-- Supplied material follows --

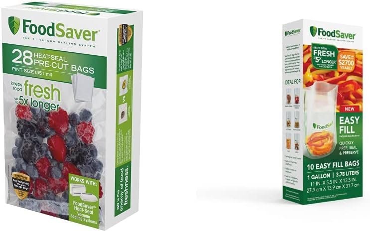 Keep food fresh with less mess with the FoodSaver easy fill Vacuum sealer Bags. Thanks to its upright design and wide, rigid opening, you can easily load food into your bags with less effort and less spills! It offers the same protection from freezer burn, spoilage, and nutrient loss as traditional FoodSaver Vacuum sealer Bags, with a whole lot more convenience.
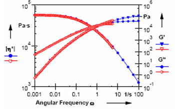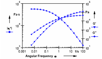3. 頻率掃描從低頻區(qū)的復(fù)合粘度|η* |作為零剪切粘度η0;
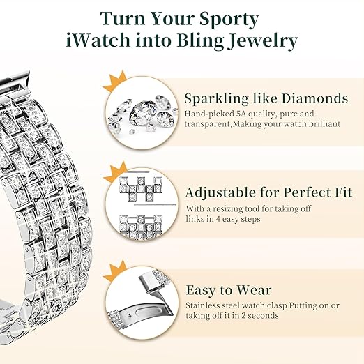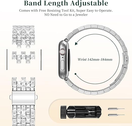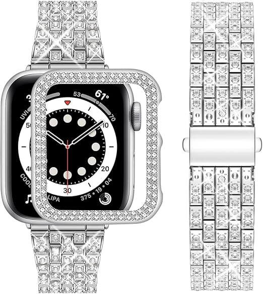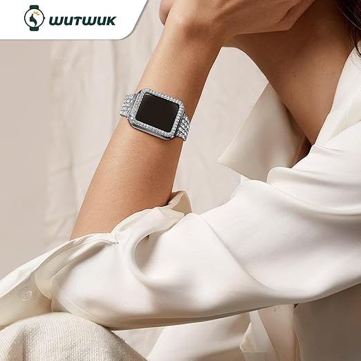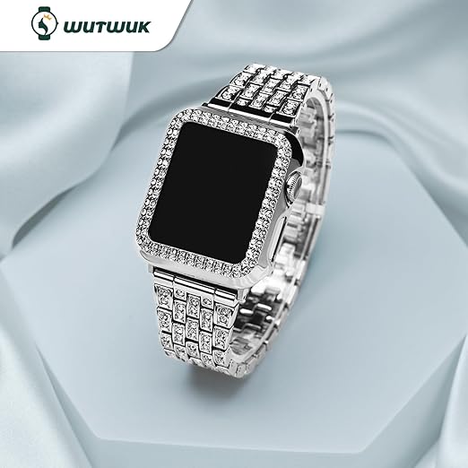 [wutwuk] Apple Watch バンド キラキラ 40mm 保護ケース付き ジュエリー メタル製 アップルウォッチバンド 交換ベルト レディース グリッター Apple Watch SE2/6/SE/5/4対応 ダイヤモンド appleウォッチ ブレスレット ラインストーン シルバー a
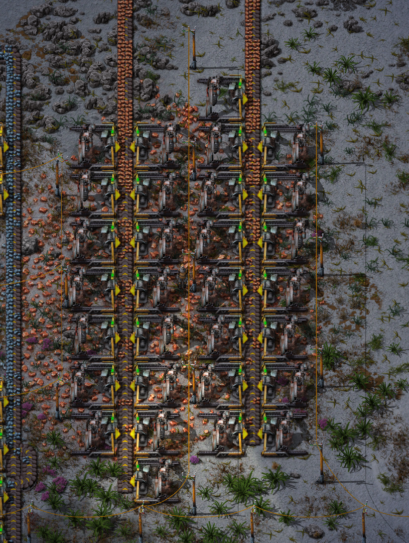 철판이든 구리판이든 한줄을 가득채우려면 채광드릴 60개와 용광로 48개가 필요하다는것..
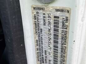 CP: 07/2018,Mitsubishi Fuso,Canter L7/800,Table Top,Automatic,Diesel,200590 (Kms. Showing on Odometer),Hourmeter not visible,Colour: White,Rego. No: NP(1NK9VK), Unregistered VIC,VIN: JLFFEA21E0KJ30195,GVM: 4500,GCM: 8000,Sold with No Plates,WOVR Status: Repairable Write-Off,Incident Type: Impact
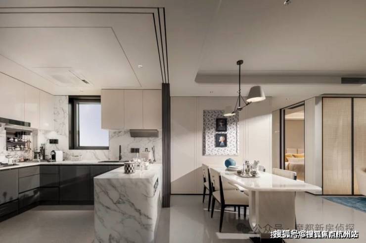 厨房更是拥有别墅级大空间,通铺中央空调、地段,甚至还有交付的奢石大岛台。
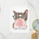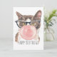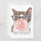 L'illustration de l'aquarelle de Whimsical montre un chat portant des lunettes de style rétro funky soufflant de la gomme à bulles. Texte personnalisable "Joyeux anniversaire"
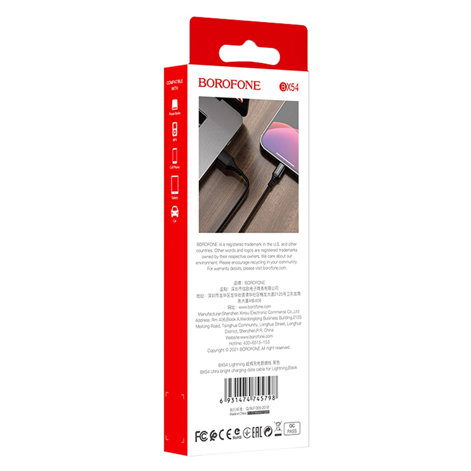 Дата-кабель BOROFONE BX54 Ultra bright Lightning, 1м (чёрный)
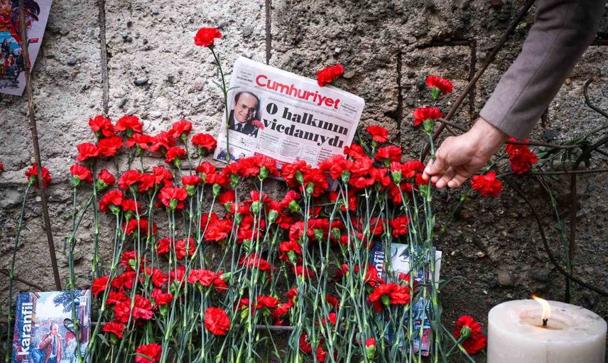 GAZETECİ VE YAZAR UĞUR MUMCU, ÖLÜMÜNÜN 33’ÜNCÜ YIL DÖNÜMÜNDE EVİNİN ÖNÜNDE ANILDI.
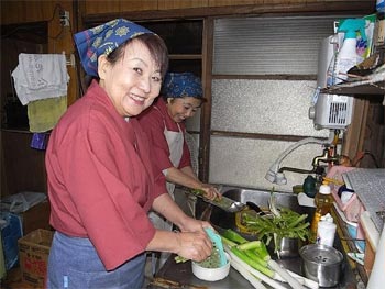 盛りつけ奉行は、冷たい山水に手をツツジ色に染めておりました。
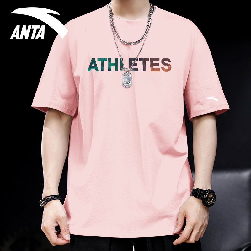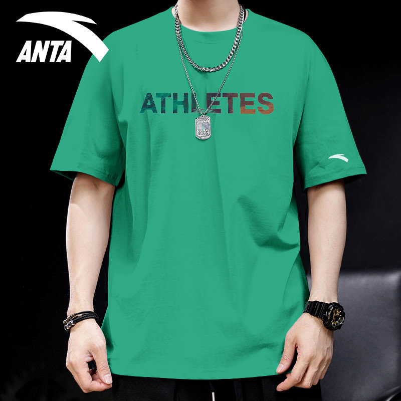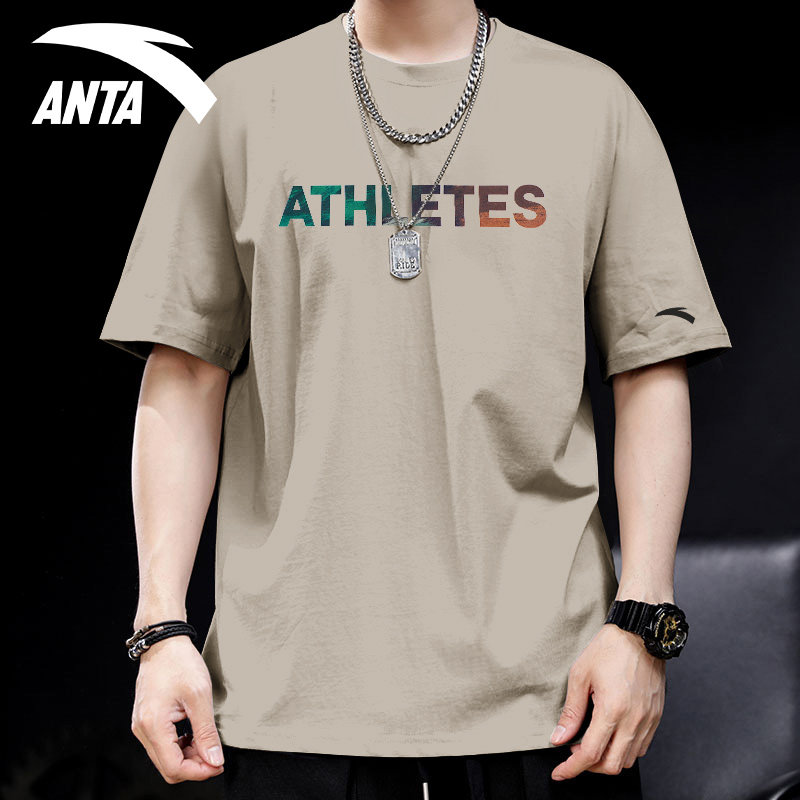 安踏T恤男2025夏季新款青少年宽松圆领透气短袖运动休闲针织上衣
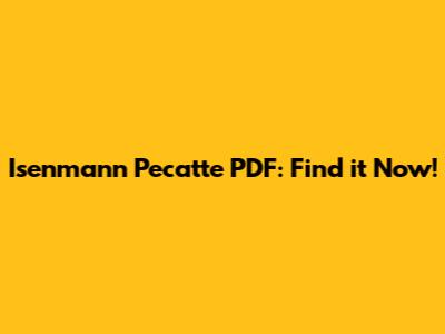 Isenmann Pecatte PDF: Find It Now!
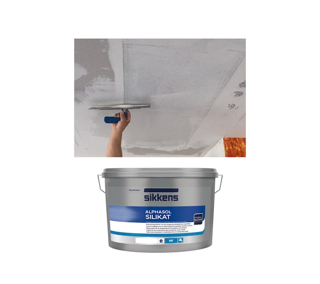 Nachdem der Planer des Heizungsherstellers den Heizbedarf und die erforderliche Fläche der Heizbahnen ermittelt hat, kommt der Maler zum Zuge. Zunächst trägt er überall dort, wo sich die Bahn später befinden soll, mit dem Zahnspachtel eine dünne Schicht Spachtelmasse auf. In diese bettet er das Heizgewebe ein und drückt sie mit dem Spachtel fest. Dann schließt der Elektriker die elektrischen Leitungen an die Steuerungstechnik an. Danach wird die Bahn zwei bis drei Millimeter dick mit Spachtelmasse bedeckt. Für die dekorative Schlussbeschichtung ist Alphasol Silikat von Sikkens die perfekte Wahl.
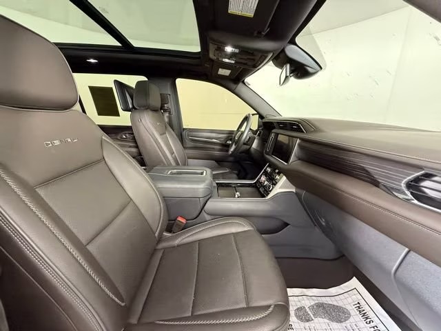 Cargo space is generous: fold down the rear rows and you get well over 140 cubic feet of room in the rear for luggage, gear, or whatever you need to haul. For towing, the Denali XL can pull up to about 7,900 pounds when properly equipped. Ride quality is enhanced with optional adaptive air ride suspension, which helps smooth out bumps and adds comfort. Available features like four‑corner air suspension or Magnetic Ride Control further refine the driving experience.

-- Supplied material concluded --
-- Supplied material follows --

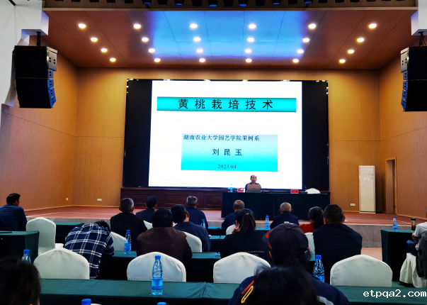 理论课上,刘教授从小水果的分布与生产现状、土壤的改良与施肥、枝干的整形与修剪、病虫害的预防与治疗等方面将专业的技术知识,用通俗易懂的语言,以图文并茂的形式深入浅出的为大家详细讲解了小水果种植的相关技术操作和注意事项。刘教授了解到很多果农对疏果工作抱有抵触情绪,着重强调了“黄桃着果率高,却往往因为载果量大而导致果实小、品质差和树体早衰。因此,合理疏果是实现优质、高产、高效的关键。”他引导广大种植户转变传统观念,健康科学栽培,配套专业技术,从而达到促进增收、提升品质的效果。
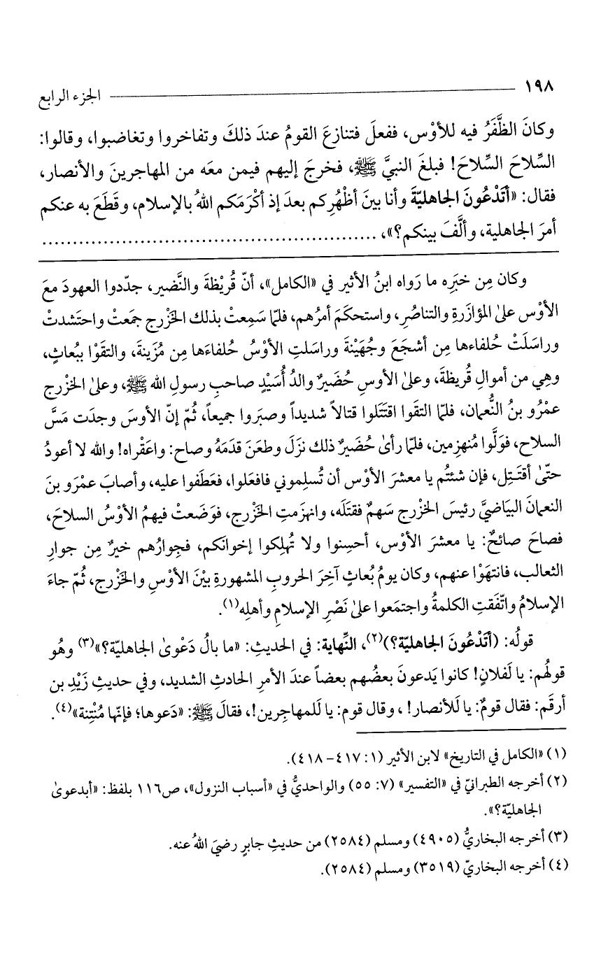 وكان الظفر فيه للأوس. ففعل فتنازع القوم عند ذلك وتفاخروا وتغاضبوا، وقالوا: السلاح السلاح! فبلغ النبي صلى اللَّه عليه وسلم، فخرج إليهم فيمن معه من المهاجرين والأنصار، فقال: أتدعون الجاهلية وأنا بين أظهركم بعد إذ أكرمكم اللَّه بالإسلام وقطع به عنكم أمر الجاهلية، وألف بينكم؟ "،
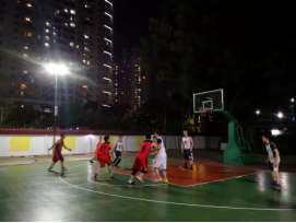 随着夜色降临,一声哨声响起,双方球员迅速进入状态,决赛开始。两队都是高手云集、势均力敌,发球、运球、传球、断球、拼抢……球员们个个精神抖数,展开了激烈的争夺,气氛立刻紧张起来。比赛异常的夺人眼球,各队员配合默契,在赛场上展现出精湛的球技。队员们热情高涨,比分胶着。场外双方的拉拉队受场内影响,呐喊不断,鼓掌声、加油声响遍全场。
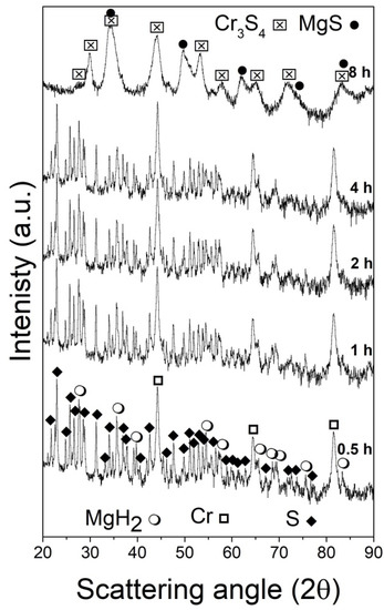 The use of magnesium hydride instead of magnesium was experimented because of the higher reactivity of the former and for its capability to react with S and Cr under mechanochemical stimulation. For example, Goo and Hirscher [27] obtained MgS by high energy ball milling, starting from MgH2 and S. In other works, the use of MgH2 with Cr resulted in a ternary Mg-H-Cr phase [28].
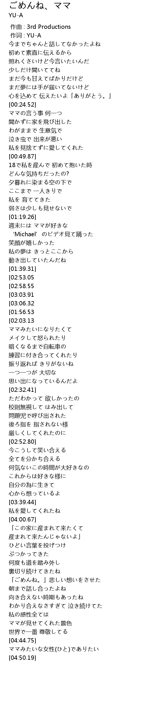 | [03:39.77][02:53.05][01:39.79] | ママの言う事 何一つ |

-- Supplied material concluded --
-- Supplied material follows --

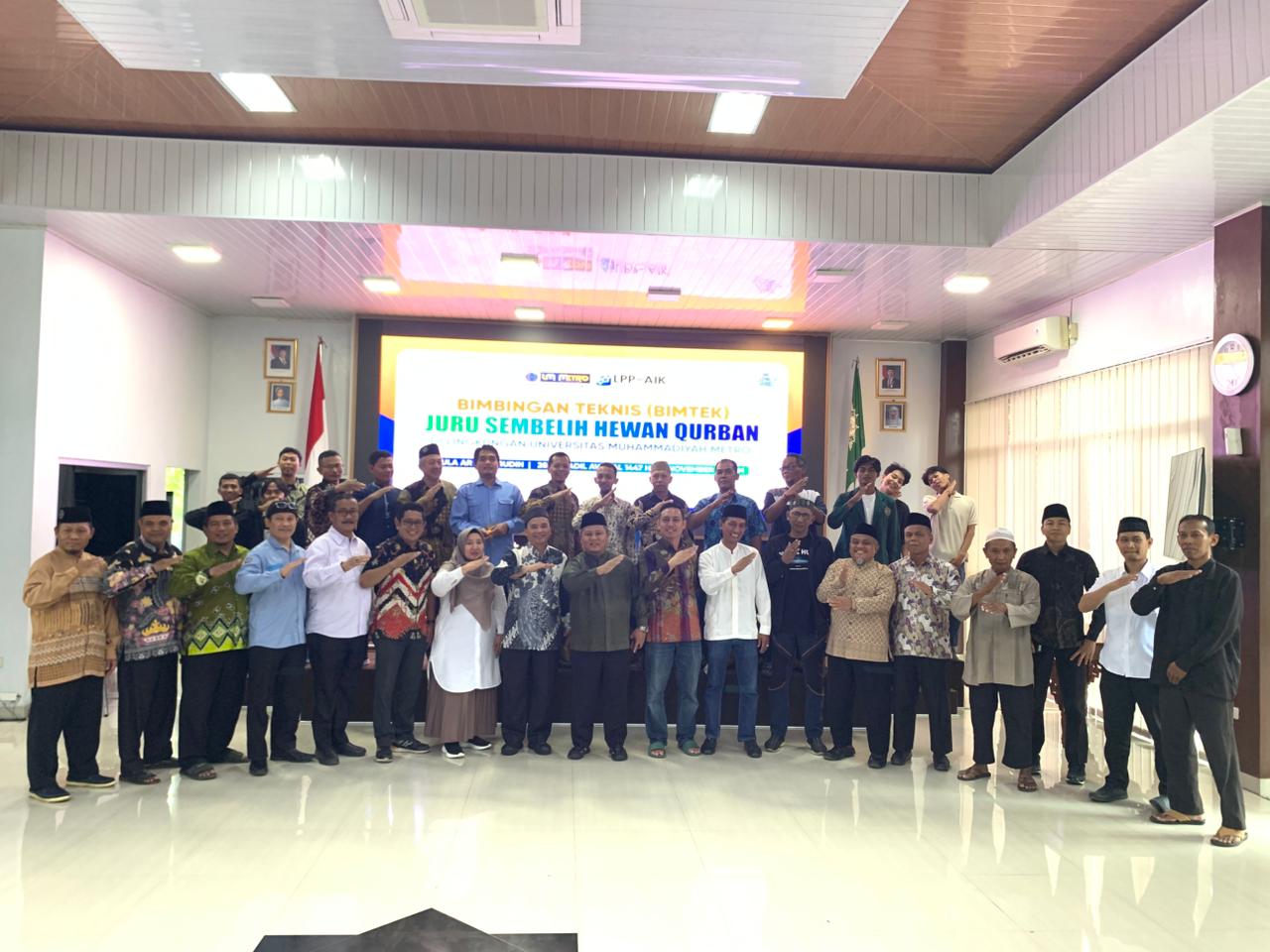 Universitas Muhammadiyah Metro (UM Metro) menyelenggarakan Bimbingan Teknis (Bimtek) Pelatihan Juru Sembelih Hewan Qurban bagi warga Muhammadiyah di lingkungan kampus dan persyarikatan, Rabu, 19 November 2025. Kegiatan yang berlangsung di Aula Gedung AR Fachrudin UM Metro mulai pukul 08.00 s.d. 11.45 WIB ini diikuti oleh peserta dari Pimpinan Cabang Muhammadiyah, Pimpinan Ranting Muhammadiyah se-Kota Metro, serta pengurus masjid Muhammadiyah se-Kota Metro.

-- Supplied material concluded --

__Problem__: Look above for the line containing "Keep food fresh" and the line containing "철판이든 구리판이든 한줄을", then reproduce both and everything between them exactly, pictures omitted.

__Result of the exercise__:
 Keep food fresh with less mess with the FoodSaver easy fill Vacuum sealer Bags. Thanks to its upright design and wide, rigid opening, you can easily load food into your bags with less effort and less spills! It offers the same protection from freezer burn, spoilage, and nutrient loss as traditional FoodSaver Vacuum sealer Bags, with a whole lot more convenience.
3. 頻率掃描從低頻區(qū)的復(fù)合粘度|η* |作為零剪切粘度η0;
 [wutwuk] Apple Watch バンド キラキラ 40mm 保護ケース付き ジュエリー メタル製 アップルウォッチバンド 交換ベルト レディース グリッター Apple Watch SE2/6/SE/5/4対応 ダイヤモンド appleウォッチ ブレスレット ラインストーン シルバー a
 철판이든 구리판이든 한줄을 가득채우려면 채광드릴 60개와 용광로 48개가 필요하다는것..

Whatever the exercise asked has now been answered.